Dynamic Differential Game Strategy of the Energy Big Data Ecosystem Considering Technological Innovation

Abstract

This study discusses how to create strategic value through energy big data and how to promote stakeholder interaction mechanisms in the evolution of the energy big data ecosystem. We use differential game methods to study the interaction between one power grid enterprise (PG) and one technology supplier (TS) under three different cost-sharing contracts: without cost-sharing contract, cost-sharing contract, and two-way subsidy contract. The effectiveness of the dynamic equilibrium strategies under different contracts is verified via numerical simulations. The results show that under the centralized decision scenario, the technological innovation investment, the degree of technological advancement of PG and TS, and the total profit of the supply chain system are superior to the decentralized decision scenario. The extent of TS technology innovation investment depends on the share rate of PG. Technology innovation investment and the profits of energy big data service supply chain stakeholders will increase with the sensitivity coefficient of technological advancement.

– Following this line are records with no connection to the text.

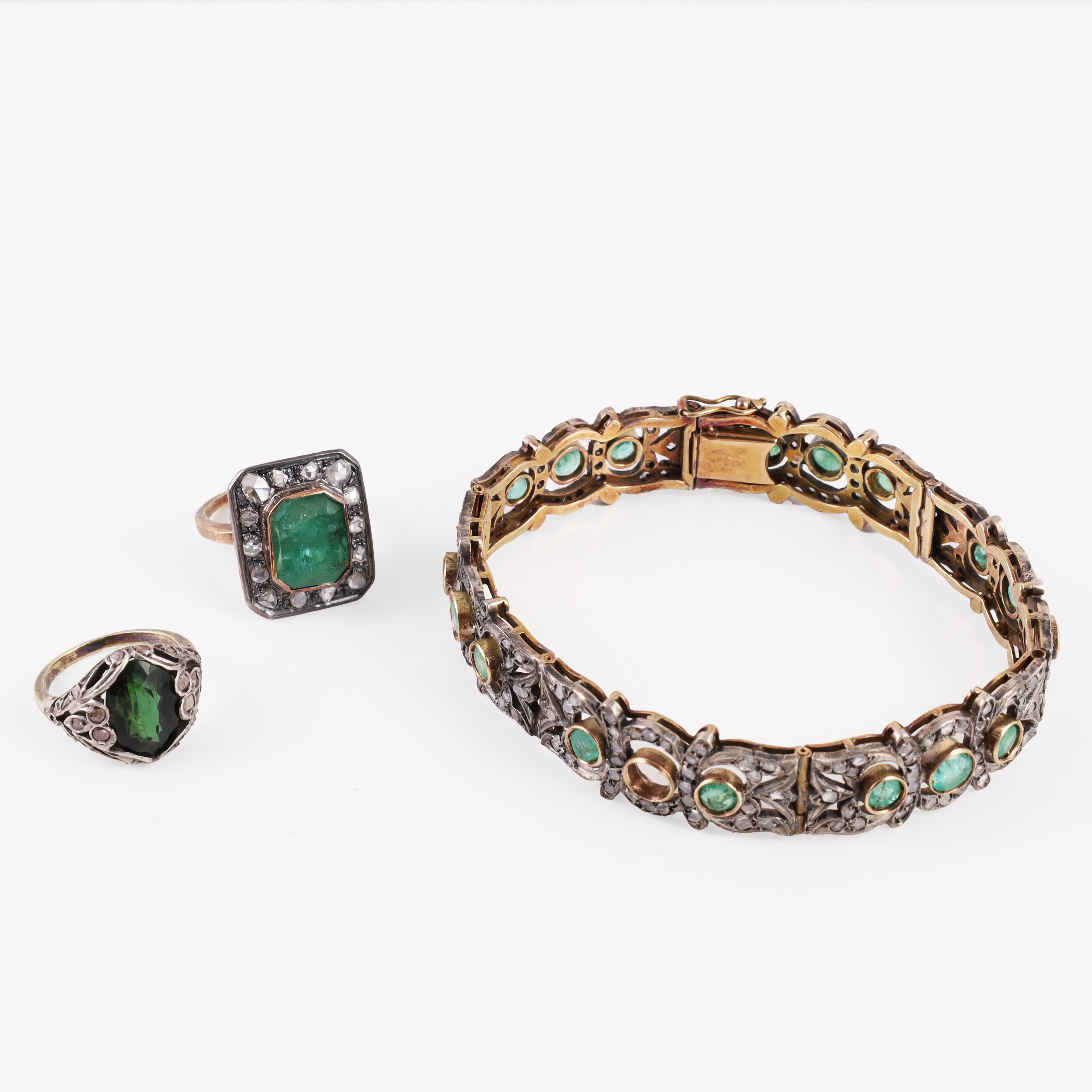 in oro e argento, composto da un bracciale a nastro traforato con smeraldi (uno mancante), un anello con smeraldo contornato da diamanti taglio a rosa e un anello con tormalina e diamanti taglio a rosa (mancanze), gr. complessivi 46.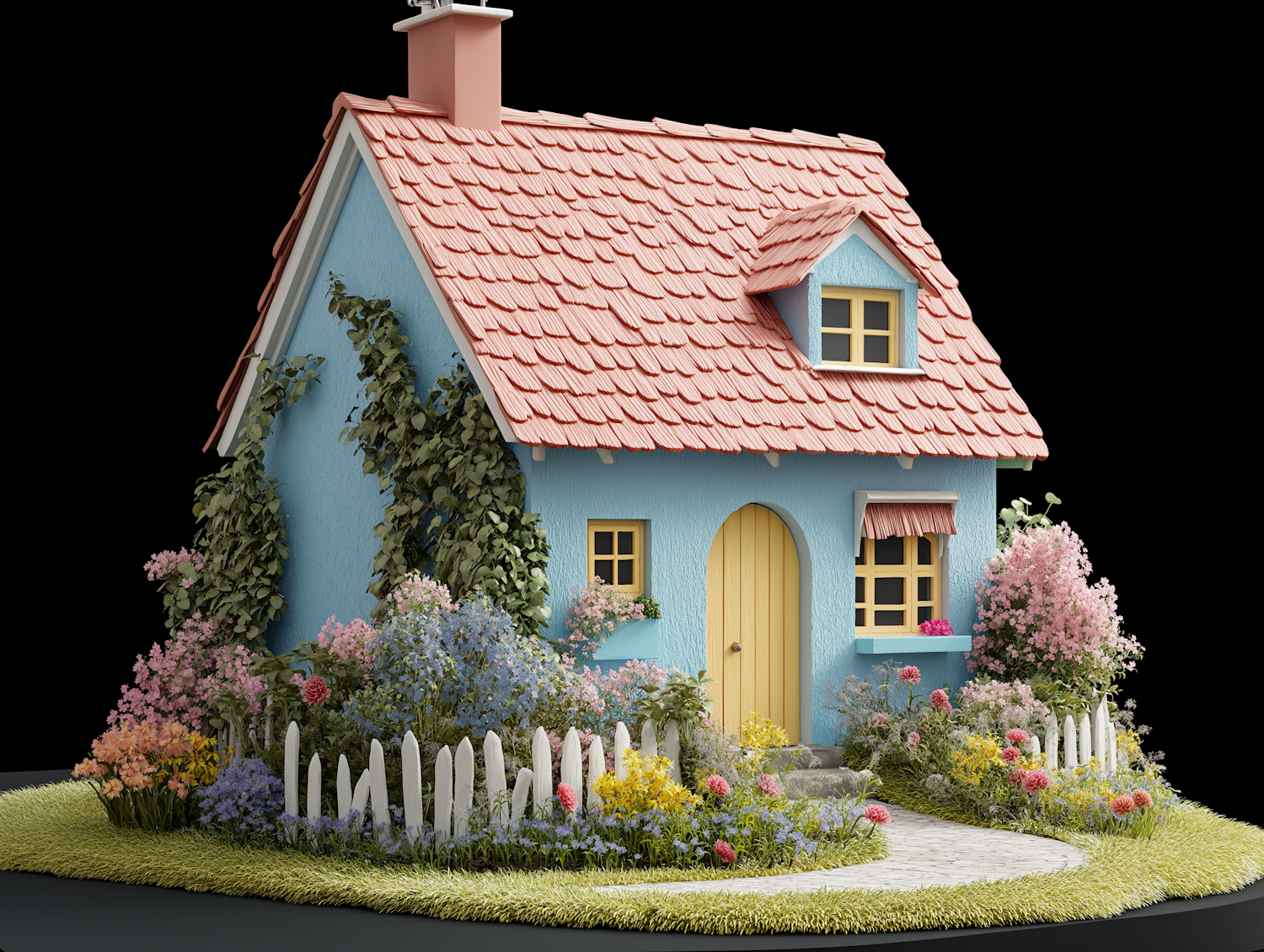 Charming blue house with red roof, yellow accents, and lush garden. Surrounded by colorful flowers and a white picket fence.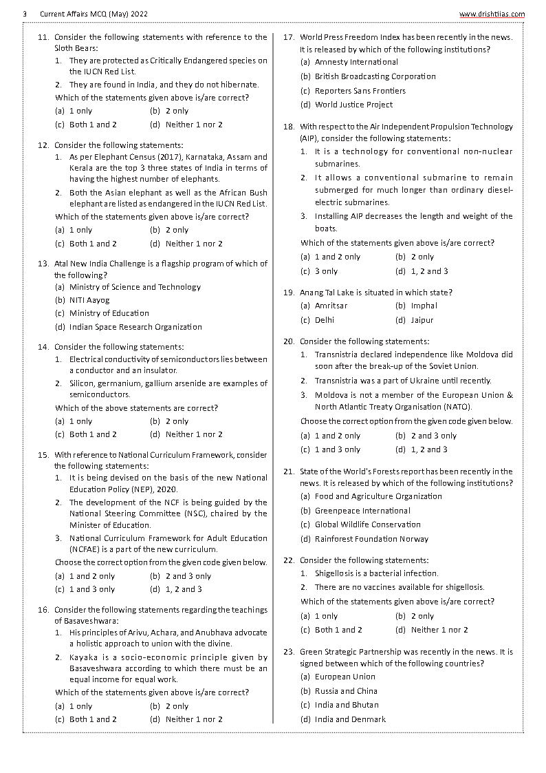 Drishti IAS Current Affairs MCQ Quiz Consolidation May Part I & II 2022 English Medium

Compared with contracts without cost-sharing and with cost-sharing, the two-way subsidy contract can provide the Pareto optimal solution for the investment trajectory of technological innovation and long-term profits. Theoretically, this study reveals a new perspective in the research on the relationship between power grid enterprises and technology suppliers under dynamic technology innovation. In practice, this study facilitates power grid enterprises and technology suppliers to form a closer cooperative relationship in the energy big data ecosystem. More importantly, it is helpful for power grid enterprises to make optimal transaction decisions at different stages of energy big data ecosystem evolution.